== Extracted material ==
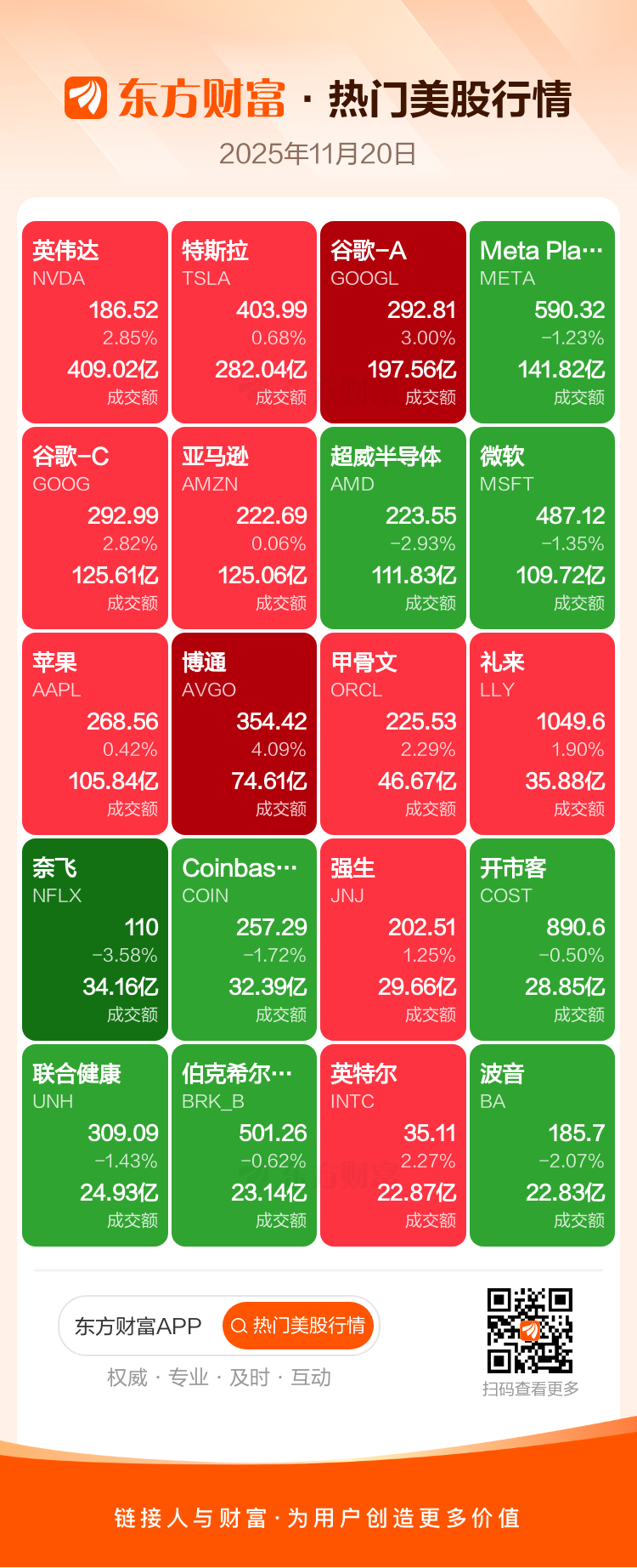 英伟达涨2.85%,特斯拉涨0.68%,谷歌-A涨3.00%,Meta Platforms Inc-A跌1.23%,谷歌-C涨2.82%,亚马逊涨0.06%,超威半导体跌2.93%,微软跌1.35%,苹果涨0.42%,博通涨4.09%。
==
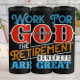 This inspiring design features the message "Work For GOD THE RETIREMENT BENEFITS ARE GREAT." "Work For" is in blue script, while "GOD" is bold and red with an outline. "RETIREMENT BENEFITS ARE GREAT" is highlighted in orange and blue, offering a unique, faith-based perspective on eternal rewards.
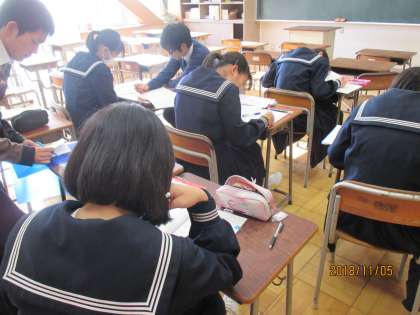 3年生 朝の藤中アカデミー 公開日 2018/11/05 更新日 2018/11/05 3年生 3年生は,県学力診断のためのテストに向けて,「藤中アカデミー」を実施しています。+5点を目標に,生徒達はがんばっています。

== What you need to do ==
Out of the records above, set down only the lines from the one that contains "This inspiring design" through the one that contains "3年生 朝の藤中アカデミー 公開日", unchanged and without the pictures.

== Solution to this exercise ==
 This inspiring design features the message "Work For GOD THE RETIREMENT BENEFITS ARE GREAT." "Work For" is in blue script, while "GOD" is bold and red with an outline. "RETIREMENT BENEFITS ARE GREAT" is highlighted in orange and blue, offering a unique, faith-based perspective on eternal rewards.
 3年生 朝の藤中アカデミー 公開日 2018/11/05 更新日 2018/11/05 3年生 3年生は,県学力診断のためのテストに向けて,「藤中アカデミー」を実施しています。+5点を目標に,生徒達はがんばっています。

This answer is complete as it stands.